Редакторские глаза уже скрылись за стеклами очков. Стекла поблескивают, бликуют, как у злого старичка на кладбище. Редакторские пальцы шевелятся, перебирая листы моей несчастной рукописи. Над редакторской головой восседает в золоченой раме Лев Николаевич Толстой. Взгляд его суров. Брови насуплены. Борода обильна и неопрятна. Старец внимательно глядит в затылок редактору. Тот, наверное, чувствует пристальность толстовского взгляда и потому ежеминутно передергивает плечами. Звонит телефон. Редакторская рука тянется к трубке и подносит ее к белому плоскому уху.
— …Разумеется! Никаких разговоров не может быть! Пусть скажет спасибо, что мы… Ведь можно было бы вообще… Да, да, сейчас приду!
Редакторская спина распрямляется, и редактор встает. Оказывается, он невысок, щупловат и лишен приличествующей его положению солидности. Ладонь редактора протягивается ко мне.
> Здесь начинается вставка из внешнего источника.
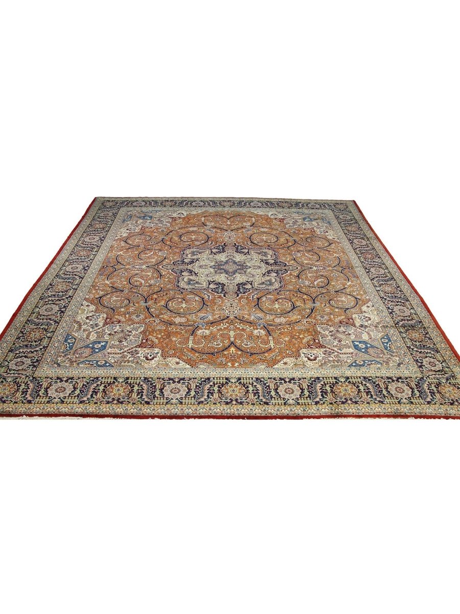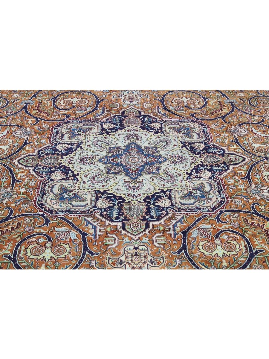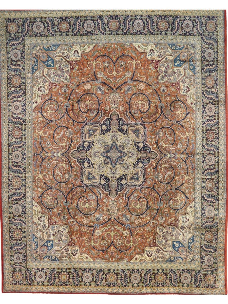 Discover the beauty of this 10x13 Old Persian Tabriz Area Rug. Handwoven in Persia, this rug showcases skilled artistry. Its generous size makes it an excellent choice for filling large spaces like living rooms, dining rooms, and even spacious bedrooms, adding a touch of traditional elegance to your decor. The central medallion pattern gives it a sophisticated and eye-catching focal point. The color palette features warm tones of rust and beige as primary colors, complemented by navy blue, light blue, and cream within the intricate floral and geometric motifs. These rich tones work together to create a vibrant and inviting ambiance. Made from durable wool, this rug is more than just a floor covering; it's a work of art that will enhance your home decor for years. Enjoy the lasting charm of a handwoven rug, plus free US shipping.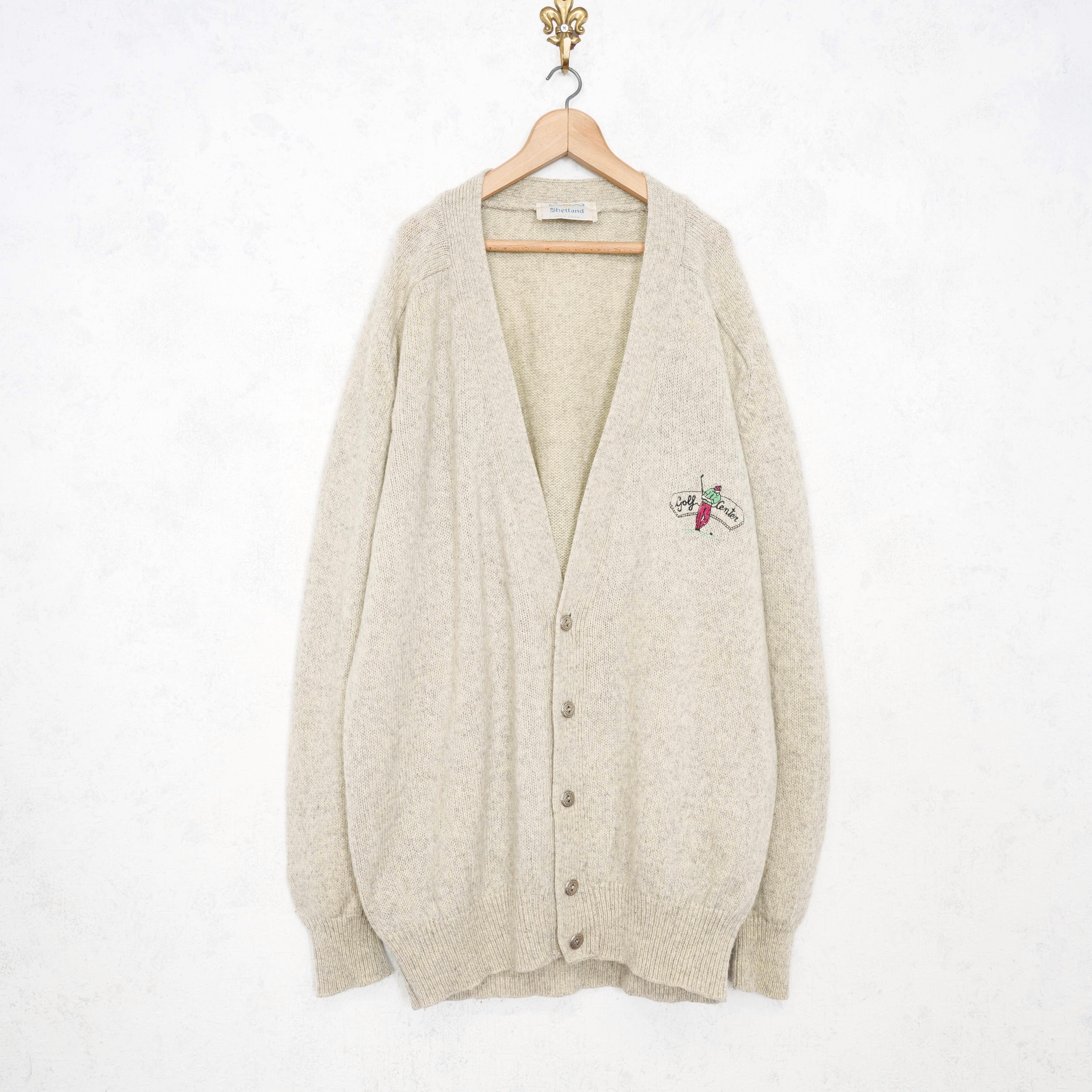 EU VINTAGE Shetland EMBROIDERY DESIGN WOOL KNIT CARDIGAN MADE IN ITALY/ヨーロッパ古着刺繍デザインウールニットカーディガン

Выхожу на проспект и сворачиваю на набережную канала. Не торопясь, двигаюсь к возвышающейся вперели цветистой, московского типа церкви, которая, не уместившись на суше, сползла с берега на воду, точнее — на лед, засыпанный собранным на улицах грязным снегом. Дойдя до горбатого мостика с фонарями, перехожу на другой берег и продолжаю двигаться вперед, разглядывая на ходу разноцветные главы причудливого храма. Его кресты сияют золотом на фоне все еще голубого, хотя уже и не столь прозрачного, тускнеющего неба.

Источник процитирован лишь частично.